Женщина гордо вздернула подбородок к верху и закрыла дверь комнаты прямо перед моим носом, больно прищемив при этом кожицу моего предплечья. Я цокнула языком. «Черт, придется надевать платье с рукавом», — подумала я и обратно развернулась в свою комнату. Немного погодя я все же показалась в гостиной.
Люциан в идеально выглаженном костюме с букетом цветов в руках, словно натянутая струна, ждал меня прямо посередине зала. Алекс наигранно изображал приличие, чем заслужил мою улыбку, как только наши глаза встретились. Заметив меня, мужчина улыбнулся, оценив мой наряд, вручил мне букет и негромко произнес, но мне казалось, что его бархатистый голос заполонил всю комнату.
— Ты прекрасно выглядишь, Рикарда Ричардсон. — На что я, опустив глаза на красивую флористическую композицию, смущенно улыбнулась.
Когда подошла горничная, я передала ей букет, наказав при этом, отнести его ко мне в комнату и покинула под руку с Коэном дом Ричардсонов. Уже усаживаясь на заднее сидение авто, я спросила Люциана:
— Куда мы едем?
— Увидишь, — он лукаво улыбнулся и закрыл дверь машины с моей стороны.
Впервые я почувствовала рядом с ним приятное волнение. Заметила, как тело Люциана необычно напряжено рядом со мной. Он улыбался совершенно искренне мне, но при этом его всеми замечаемая ранее самоуверенность куда-то пропала.
Мы остановились около большого здания — театра. Я в изумлении уставилась на мужчину, широко улыбаясь. Его победная улыбка говорила о том, что он угадал с выбором.
— Да ну? Театр?! Люциан, я сотню лет там не была!
— Я рад, что тебе понравилась моя затея. — Он вышел из машины первым, обошел её и открыл мне дверь, подавая руку.
Мы зашли в фойе театра, отдали служащим свою верхнюю одежду, а сами направились в вип-ложу для специальных гостей. Оттуда, где мы сидели, было видно всю сцену.
Начался спектакль. Мы в миг оказались в атмосфере средневековья. Искусно вышитые платья дам, свет и музыка придавали ещё больший шарм, помимо великолепной игры актеров. Мы смотрели одну из величайших пьес Шекспира. Двое влюбленных и целый мир с направленными на них копьями. Вражда семей. Запрет. Дети настолько поглощены своими чувствами, доходящими вплоть до максимализма. Их категоричность и невозможность существования после.

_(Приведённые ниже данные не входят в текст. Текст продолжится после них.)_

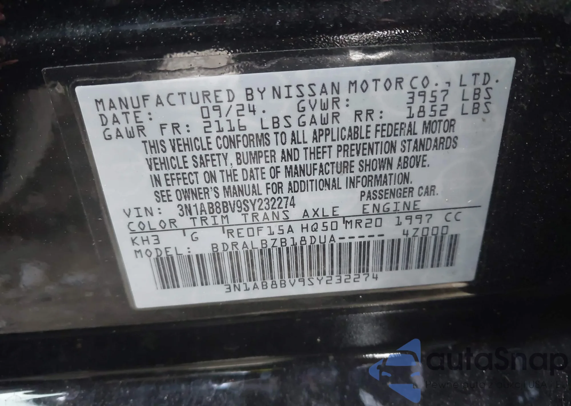 • VIN 1N4AL3APXDC909883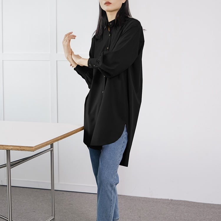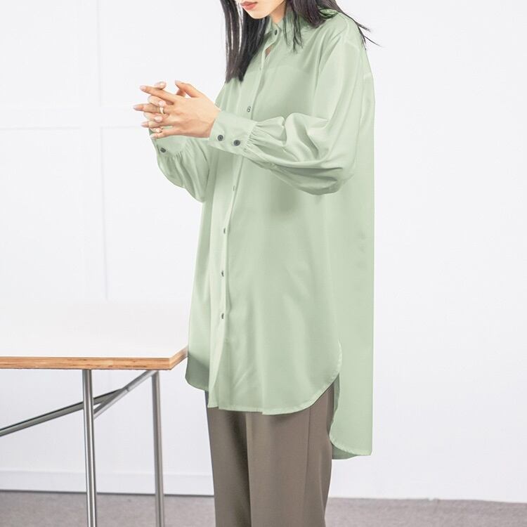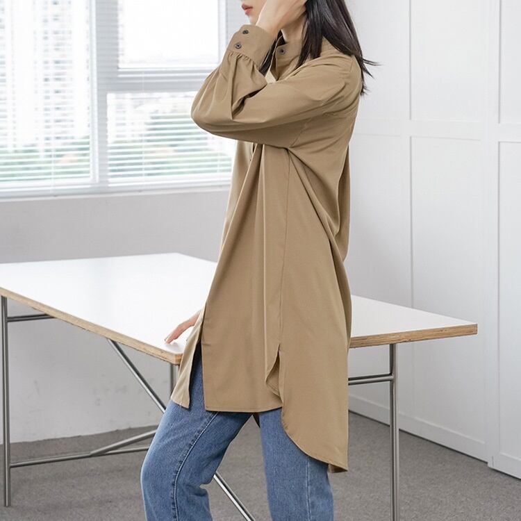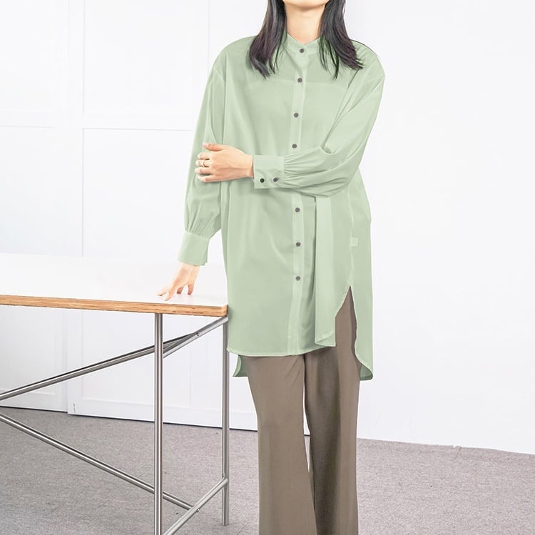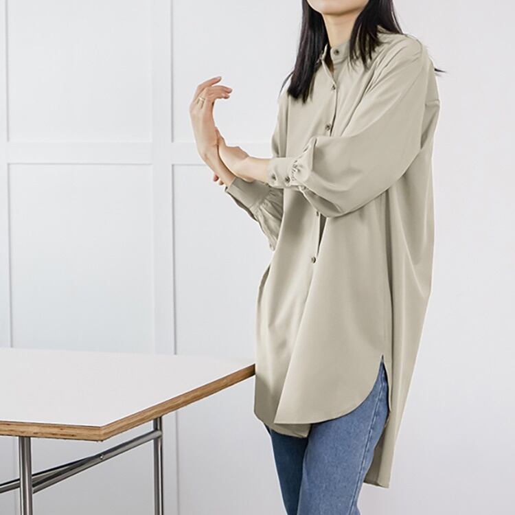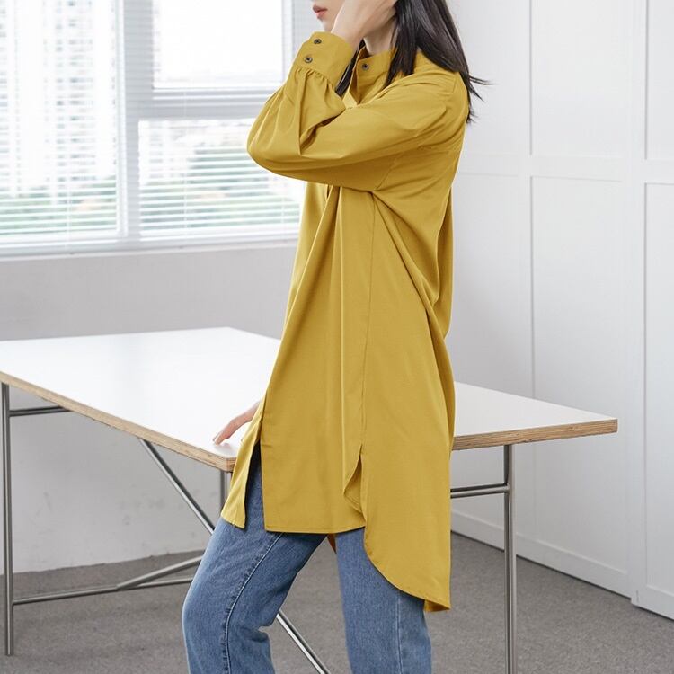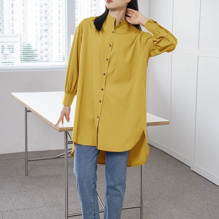 レディース トップス シャツ 膝上 長袖 スタンドカラー フェミニン 前開き ボタン かわいい 大人可愛い きれいめ シンプル カジュアル 上品 おしゃれ こなれ感 ラフ マニッシュ 個性的 クール 抜け感 OL 通勤 デート お出かけ 旅行 レストラン 女子会 休日 ホテル ガーデン ショッピング コンサート ライブ アースカラー 韓国 体型カバー 普段使い 着回し インスタ映え 定番 M L ホワイト ブラック ブラウン イエロー カーキ グリーン ベーシックカラー 大人カラー 春カラー 秋カラー
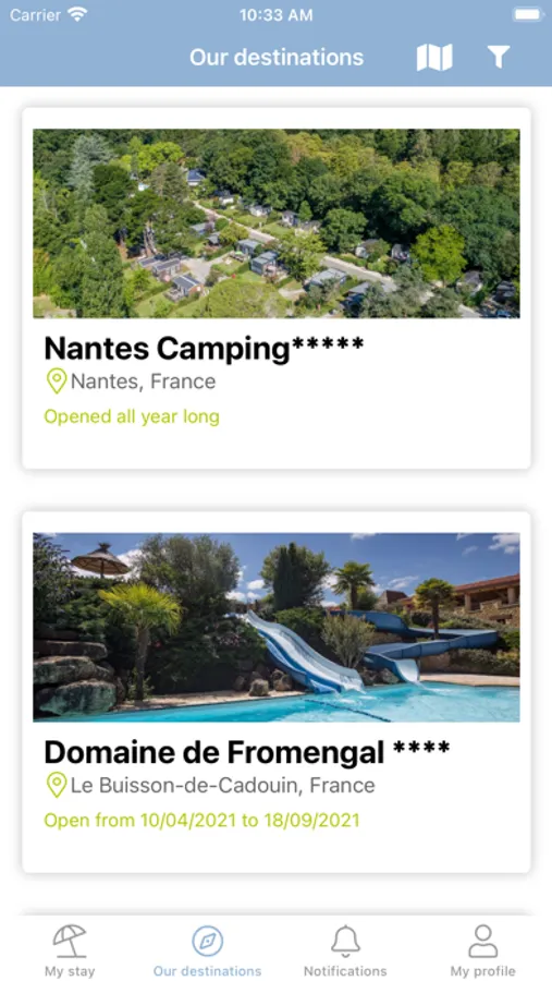 Before, during, and after your camping holiday, this app allows you to get the most out of your holiday and discover the surrounding area and the activities proposed. Don't miss the must-sees and dos, and make the most of your holiday with family or friends.

Они были детьми — от этого они с такой чистотой и непорочностью души отдавались любви. Два ангела, которые так и остались ангелочками.
В самый напряженный момент, я сама того не заметив, прижалась к Люциану. Он не стал отталкивать или делать замечания, его рука лишь обняла меня за плечи и легонько прижала к себе, как бы успокаивая. Я вдохнула аромат терпкого парфюма мужчины. Его запах опьянял меня. Мои затуманенные глаза встретились с его не менее туманным взглядом. Уже не имело значение, что происходило на сцене. Мы уже не замечали ни актеров, ни зрителей спектакля. Только наши взгляды и соблазнительно раздражающая близость. Мы бы, наверное, просидели так до самого закрытия, но на сцене раздался крик, отрезвляющий нас.

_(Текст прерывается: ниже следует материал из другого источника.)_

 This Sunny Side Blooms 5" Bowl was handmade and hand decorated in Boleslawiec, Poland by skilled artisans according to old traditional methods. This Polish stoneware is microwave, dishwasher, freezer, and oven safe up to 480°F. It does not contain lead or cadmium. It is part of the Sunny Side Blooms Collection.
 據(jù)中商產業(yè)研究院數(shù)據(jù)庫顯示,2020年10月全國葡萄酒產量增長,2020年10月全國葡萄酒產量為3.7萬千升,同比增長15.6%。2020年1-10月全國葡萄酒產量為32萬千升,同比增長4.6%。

Это была все ещё игра актеров, пьеса которых подходила к трагичному концу — сцена, разбившая сердце миллионам зрителей. Мы с Коэном отодвинулись друг от друга, опомнившись, и стали наблюдать за трагедией. Поистине трагедия — всепоглощающая война двух больших знатных семей унесла за собой жизни маленьких, но любящих и чистых сердец. Испокон веков прозрачность намерений и душ придает урок многим заблудшим сердцам, что наткнулись на черноту порочности и погрязли в ней.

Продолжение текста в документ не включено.